Simple computation (MS): 102
Use threads (MS): 31049
Use ExecutorService (MS): 257
Code:
ExecutorService executorService = Executors.newFixedThreadPool(1);
int count = 100000;
//Simple computation
Instant instant = Instant.now();
for (int i = 0; i < count; i++) {
double x = Math.random() * Math.random();
}
Duration duration = Duration.between(instant, Instant.now());
Log.d("ExecutorPerformanceTest", "Simple computation (MS): " + duration.toMillis());
//Use threads
instant = Instant.now();
for (int i = 0; i < count; i++) {
new Thread(() -> {
double x = Math.random() * Math.random();
}
).start();
}
duration = Duration.between(instant, Instant.now());
Log.d("ExecutorPerformanceTest", "Use threads (MS): " + duration.toMillis());
//Use ExecutorService
instant = Instant.now();
for (int i = 0; i < count; i++) {
executorService.execute(() -> {
double x = Math.random() * Math.random();
}
);
}
duration = Duration.between(instant, Instant.now());
Log.d("ExecutorPerformanceTest", "Use ExecutorService (MS): " + duration.toMillis());
I've faced a similar problem, but Math.random() was not the issue.

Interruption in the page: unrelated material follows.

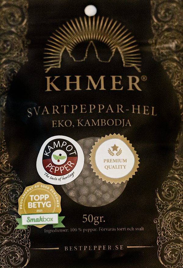 Svartpeppar KHMER handplockas under perioden Maj-Juni i de 4 meter höga pepparbuskarna varefter den gröna pepparn torkas i 3-4 dagar i solen till härlig svartpeppar. Pepparns smak är intensivt kryddig och passar till de flesta rätter.

The problem is having many small tasks that take just a few milliseconds to complete. It is not much but a lot of small tasks in series ends up being a lot of time and I needed to parallelize.

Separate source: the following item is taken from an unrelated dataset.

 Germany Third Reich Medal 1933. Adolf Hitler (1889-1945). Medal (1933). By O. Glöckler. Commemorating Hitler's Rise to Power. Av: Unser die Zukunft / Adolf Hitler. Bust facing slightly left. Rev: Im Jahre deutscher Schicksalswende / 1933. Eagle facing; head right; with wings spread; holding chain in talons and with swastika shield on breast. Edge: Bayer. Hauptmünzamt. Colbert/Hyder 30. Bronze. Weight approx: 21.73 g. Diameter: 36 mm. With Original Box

So, the solution I found, and it might work for those of you facing this same problem: do not use any of the executor services. Instead create your own long living Threads and feed them tasks.

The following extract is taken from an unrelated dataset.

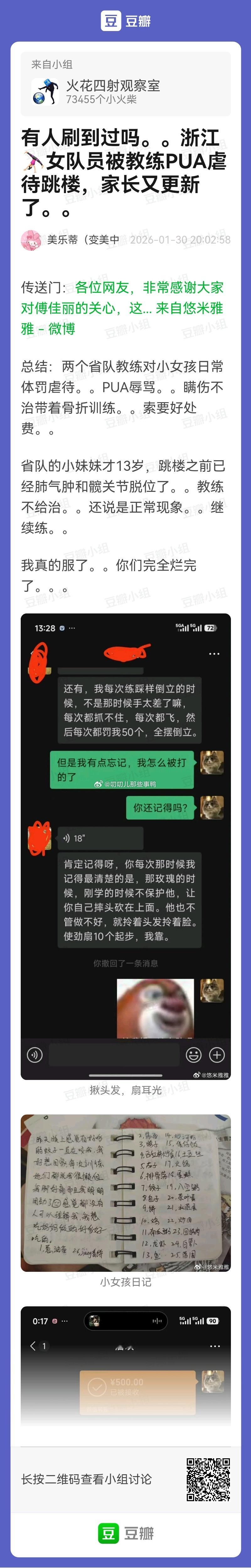 有人刷到过吗?浙江🤸🏻♀️女队员被教练PUA虐待跳楼,家长又更新了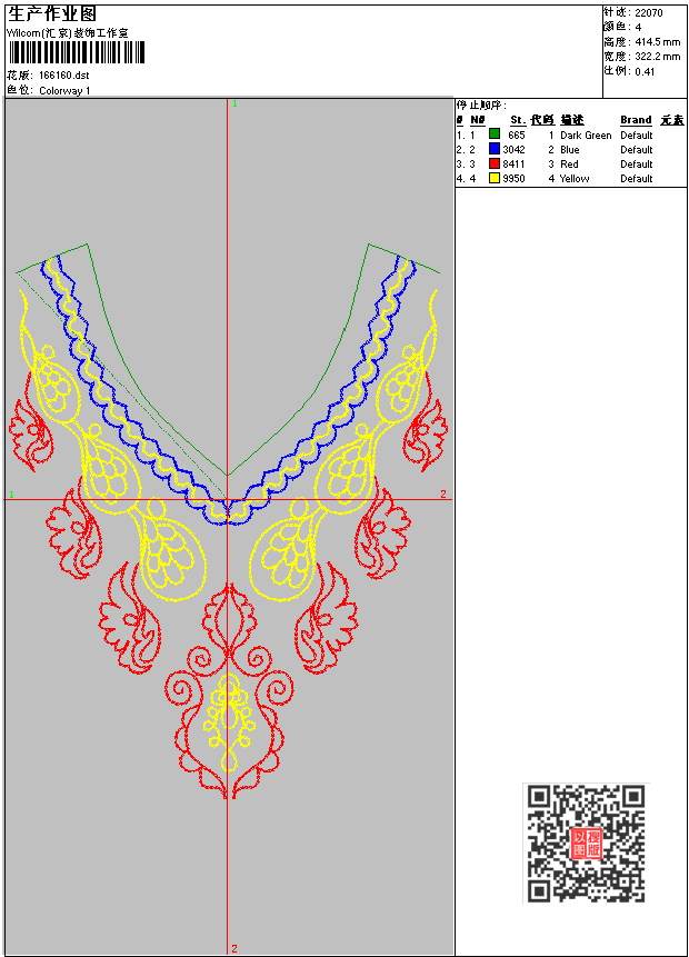 - dst花版参数: 大小:65.16 KB / 尺寸:322*415[毫米] / 针数:22070针 / 线色:4 / 格式:dst / 版本:6

Here is an example, just as an idea don't try to copy paste it cause it probably won't work as I am using Kotlin and translating to Java in my head. The concept is what's important:
First, the Thread, a Thread that can execute a task and then continue there waiting for the next one:
public class Worker extends Thread {
private Callable task;
private Semaphore semaphore;
private CountDownLatch latch;
public Worker(Semaphore semaphore) {
this.semaphore = semaphore;
}
public void run() {
while (true) {
semaphore.acquire(); // this will block, the while(true) won't go crazy
if (task == null) continue;
task.run();
if (latch != null) latch.countDown();
task = null;
}
}
public void setTask(Callable task) {
this.task = task;
}
public void setCountDownLatch(CountDownLatch latch) {
this.latch = latch;
}
}
There is two things here that need explanation:
the Semaphore: gives you control over how many tasks and when they are executed by this thread
the CountDownLatch: is the way to notify someone else that a task was completed
So this is how you would use this Worker, first just a simple example:
Semaphore semaphore = new Semaphore(0); // initially the semaphore is closed
Worker worker = new Worker(semaphore);
worker.start();
worker.setTask( .. your callable task .. );
semaphore.release(); // this will allow one task to be processed by the worker
Now a more complicated example, with two Threads and waiting for both to complete using the CountDownLatch:
Semaphore semaphore1 = new Semaphore(0);
Worker worker1 = new Worker(semaphore1);
worker1.start();
Semaphore semaphore2 = new Semaphore(0);
Worker worker2 = new Worker(semaphore2);
worker2.start();
// same countdown latch for both workers, with a counter of 2
CountDownLatch countDownLatch = new CountDownLatch(2);
worker1.setCountDownLatch(countDownLatch);
worker2.setCountDownLatch(countDownLatch);
worker1.setTask( .. your callable task .. );
worker2.setTask( .. your callable task .. );
semaphore1.release();
semaphore2.release();
countDownLatch.await(); // this will block until 2 tasks have been completed
And after that code runs you could just add more tasks to the same threads and reuse them. That's the whole point of this, reusing the threads instead of creating new ones.
It is unpolished as f*** but hopefully this gives you an idea. For me this was an improvement compared to no multi threading. And it was much much better than any executor service with any number of threads in the pool by far.